One afternoon a gigantic, broad-shouldered man with a ruddy face, blond beard, and wild eyes entered the
shtibl,
the small Hasidic prayer room, for the Mincha service. His garb was neither long nor short. He wore a fur cape and a hooded caftan that looked as though it had been made in the Middle Ages. His boots had broad uppers into which he had tucked his baggy trousers. He removed a tiny siddur from his pocket and began reciting the Order of Sacrifices.
He prayed with great devotion, but the words he uttered were hard and heavy as stones. People watched him and shrugged. “Who is that?” they asked.

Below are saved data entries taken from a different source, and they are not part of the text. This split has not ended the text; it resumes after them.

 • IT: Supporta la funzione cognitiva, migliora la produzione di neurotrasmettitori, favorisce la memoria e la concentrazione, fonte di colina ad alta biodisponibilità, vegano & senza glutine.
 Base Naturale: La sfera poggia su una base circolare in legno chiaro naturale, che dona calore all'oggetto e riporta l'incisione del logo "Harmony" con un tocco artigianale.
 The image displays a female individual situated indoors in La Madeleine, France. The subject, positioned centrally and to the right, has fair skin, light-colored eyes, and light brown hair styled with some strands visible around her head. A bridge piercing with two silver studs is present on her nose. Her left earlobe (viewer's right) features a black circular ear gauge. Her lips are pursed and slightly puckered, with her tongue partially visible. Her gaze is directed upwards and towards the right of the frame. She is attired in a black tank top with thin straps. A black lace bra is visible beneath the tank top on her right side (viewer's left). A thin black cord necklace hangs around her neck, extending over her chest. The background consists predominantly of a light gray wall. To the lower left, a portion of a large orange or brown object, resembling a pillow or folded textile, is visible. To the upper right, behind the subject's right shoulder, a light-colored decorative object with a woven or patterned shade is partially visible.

After prayers the worshippers greeted him with
“Sholom aleichem”
and asked where he was from.
“Oh, from far away.”
“From where?”
“Russia.”
“Which town?”
He named one the Warsaw Hasidim had never heard of.
“And what's your name?”
“Avraham.”
The way he pronounced “Avraham” made them realize he wasn't a Jew like other Jews. After several exchanges they discovered that Avraham was a convert. He was a peasant from a remote Russian province who had come to live on this Jewish street in Warsaw, where he was now a tinsmith.
When asked why he had become a Jew, he cried out, “Because the Jews have the truth!”

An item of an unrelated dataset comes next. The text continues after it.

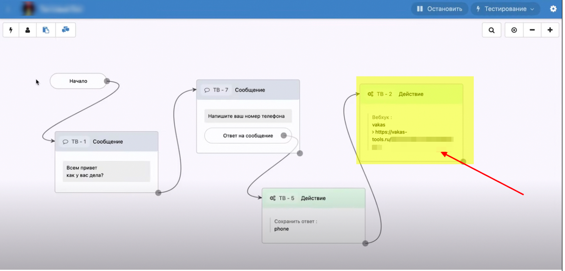 После того, как вы нажмете кнопку «Изменить», у вас откроется конструктор воронки. Здесь нужно после старта бота, запросить нужные вам переменные пользователя - номер телефона, почту и так далее, на нашем примере мы показываем, как после получения телефона пользователя, отправить его в базу Vakas-tools.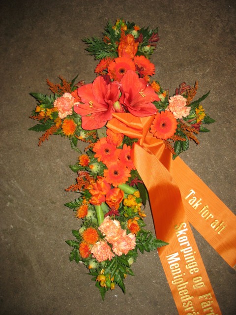 Et kors er et meget stærkt og fint symbol til en begravelse eller bisættelse. Her med farvet bånd, som får det hele til at passe så fint sammen.

The Jews were amazed. They were even more amazed that he had come to pray in a Hasidic
shtibl
rather than a regular
shul,
but everyone was welcoming and friendly to him. When he was called to the Torah for an
aliyah
—summoned as “Reb Avraham ben Avraham”—the convert touched the Torah with the
tzitzis
of his tallis, kissed it, and recited the blessing in a deep bass voice that seemed to come from a barrel or a tomb. The younger boys giggled and pinched one another. The Torah reader just managed to contain his laughter by swaying and frowning. Yes, here before us was a Jew, a pious Jew—in the shape and form of a goy.

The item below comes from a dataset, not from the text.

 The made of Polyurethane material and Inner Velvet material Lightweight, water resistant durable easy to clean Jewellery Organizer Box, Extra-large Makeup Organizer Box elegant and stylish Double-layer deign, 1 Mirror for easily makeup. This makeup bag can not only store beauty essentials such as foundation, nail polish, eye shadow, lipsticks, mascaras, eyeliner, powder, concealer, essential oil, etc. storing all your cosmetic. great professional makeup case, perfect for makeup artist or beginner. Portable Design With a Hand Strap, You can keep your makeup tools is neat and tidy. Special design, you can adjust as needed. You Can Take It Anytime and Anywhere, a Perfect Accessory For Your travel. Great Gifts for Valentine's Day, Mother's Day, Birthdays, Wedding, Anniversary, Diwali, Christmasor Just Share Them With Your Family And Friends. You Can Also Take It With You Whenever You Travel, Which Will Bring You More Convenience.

Before long the convert began causing trouble. Hasidim habitually talk during prayers, but when the convert heard someone chatting, he turned red and then pale with anger and yelled:
“Nu—
shh!

And put a finger to his lips.
During the Silent Devotion he stood immersed in prayer for a long time. The prayer leader hadn't the patience to wait for him to conclude and began the repetition of the Silent Devotion. This caused the convert to miss the Kedusha, which angered him.
“You're rushing through the prayers,” he complained. “You're forgetting that you're speaking to God.”
The convert had apparently studied the holy texts and knew the laws, for he asked, “Do you count money so quickly, too? One has to pray like one counts money.”
The Hasidim conceded that the convert was right, but Hasidim are still not Misnagdim.
2
They would apologize to the convert and admit that he was right, but the next day the scene repeated itself. The convert yelled, pounded the table with his heavy fist, and shouted that the Messiah wasn't coming because the Jews were sinning.
But the boys had even more problems with him. They all talked during prayers, ran around, pinched one another, and snickered. The convert raised the roof. What annoyed him most was that the youngsters did not say “Blessed be He and blessed be His name” and “Amen” at the proper places. His own resonant “Blessed be He and blessed be His name” and “Amen” shook the walls. His goyish piety awakened in the boys and even in the grownups an irresistible desire to laugh. Even the chazan himself had to laugh into his fist in the middle of his prayers.
On Yom Kippur the convert did something wild: instead of wearing socks, he stood barefoot. His feet were gigantic and his unusually wide big toes were topped by misshapen toenails. A mere glance at those feet and one couldn't help laughing. On Yom Kippur night, during the cantor's Kol Nidrei, the entire congregation was in a paroxysm of laughter. They beat their
chests during the “For our sins” prayer and chuckled into their High Holiday prayer books.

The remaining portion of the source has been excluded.